@Bacle let me tell you this.
I know exactly how useful the Army will be in a INDOPACOM war.
It's called logistics.
And a war in Europe is also guaranteed
And logistics isn't infantry formations or tank battalions, is it? It's heavy lift planes and the Army's own little fleet of transports.
Aka things that are actually related to the air and sea domains at the end of the day, even if it is the Army who operates them.
Also, a war in Europe at this point is one of three things.
Either:
A) The situation in Ukraine has deteriorated to the point Russian troops are at the Polish border and looking to cross, so would end up with nuclear exchanges anyway and then it's the AA/ABM that matter more than infantry or armor.
B) The Balkans have gone stupid again and the NATO peacekeeper forces suddenly have to not be peaceful, which doesn't necessarily need US troops to handle in the long term and is more of a SOF/air force issue like the first one was. Not sure how much Army ground units will be helpful here.

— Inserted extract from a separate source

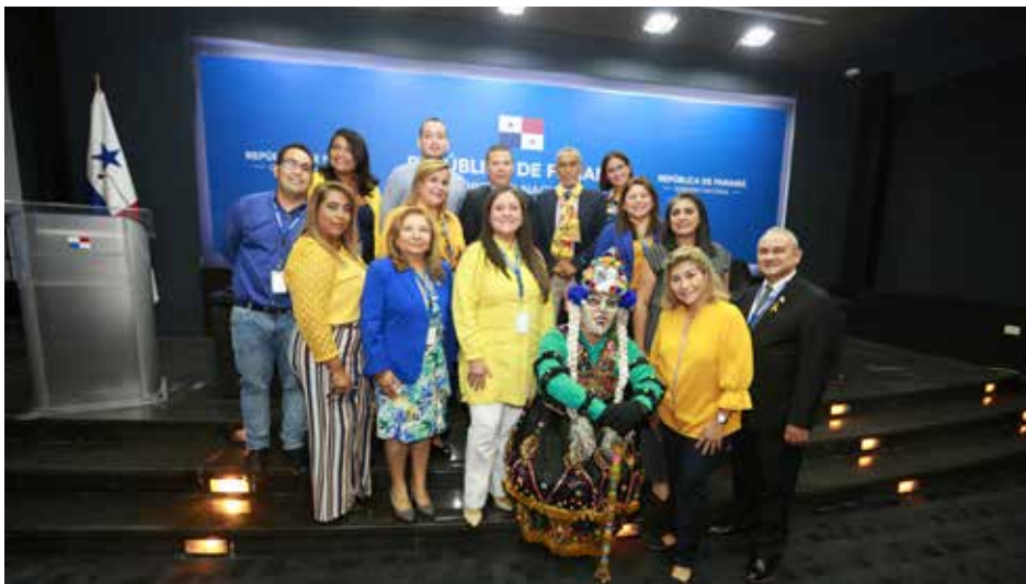
El Gobierno Nacional adopta los mecanismos y/o herramientas para garantizar el cumplimiento de estos derechos que son inalienables e irrenunciables.

La igualdad y la no discriminación por raza, etnia o por cualquier otro motivo es un derecho fundamental reconocido en la Constitución Política de la República de Panamá.

C) Greece and Turkey get into a throw down and the US has to decide whether to help Greece or Turkey and send forces there. This...is just messy as fuck depending on how it happens, and frankly I'm not sure US military forces would be enough to quell a full on fight between the Greeks and Turks; they just hate each other that much as a baseline.
So you want to be a grand reformer of the whole US military and shift most of it under USMC...
Unfortunately for you, this is considered an idea bordering between ridiculous and pointless according to everyone with a clue about the matters involved.
I think that the Army's obsession with pretending ground combat of the type they are geared to fight is still as vital for likely US defense interests, compared to AA/ABM work, is looking backwards, not forwards, in the threat environment as it is.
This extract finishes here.